TASK STATEMENT:
Where the word "that" occurs in a line of the listing, please copy the line.

STORED DATA:
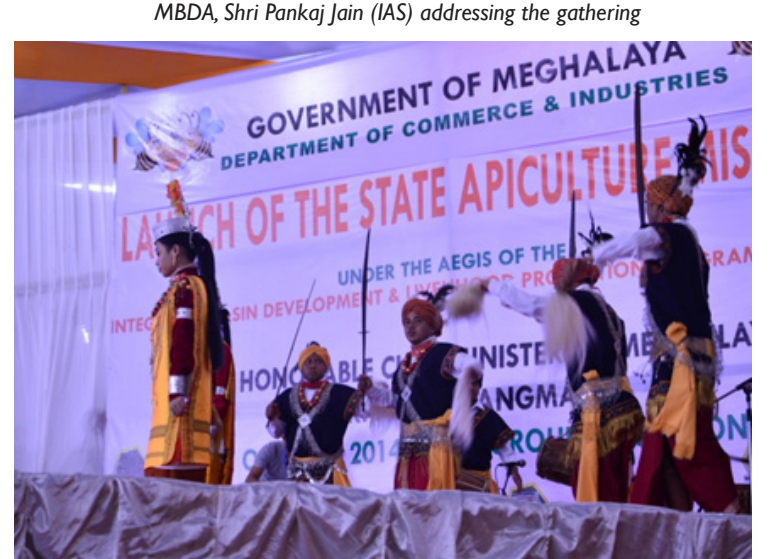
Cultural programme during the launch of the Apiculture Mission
==
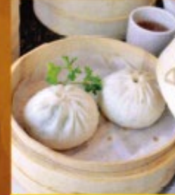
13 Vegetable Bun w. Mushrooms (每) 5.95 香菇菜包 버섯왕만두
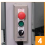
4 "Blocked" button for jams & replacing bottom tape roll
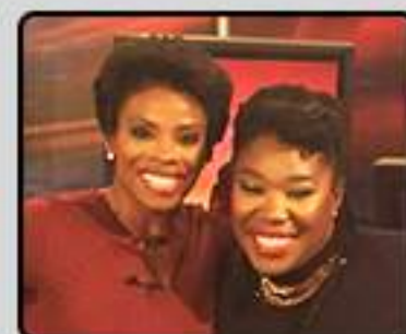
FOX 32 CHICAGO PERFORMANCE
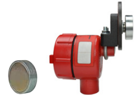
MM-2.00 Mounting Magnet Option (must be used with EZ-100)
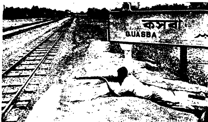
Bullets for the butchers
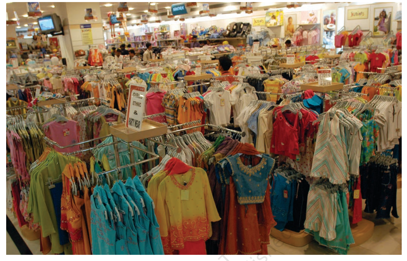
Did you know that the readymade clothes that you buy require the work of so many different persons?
--
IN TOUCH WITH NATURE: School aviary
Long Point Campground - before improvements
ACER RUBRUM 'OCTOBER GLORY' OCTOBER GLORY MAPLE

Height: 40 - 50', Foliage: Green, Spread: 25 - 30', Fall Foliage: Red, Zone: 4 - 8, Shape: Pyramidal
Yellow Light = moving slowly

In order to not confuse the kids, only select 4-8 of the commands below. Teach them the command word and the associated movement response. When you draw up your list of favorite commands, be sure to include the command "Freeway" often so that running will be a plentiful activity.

TASK SOLUTION:
Did you know that the readymade clothes that you buy require the work of so many different persons?
In order to not confuse the kids, only select 4-8 of the commands below. Teach them the command word and the associated movement response. When you draw up your list of favorite commands, be sure to include the command "Freeway" often so that running will be a plentiful activity.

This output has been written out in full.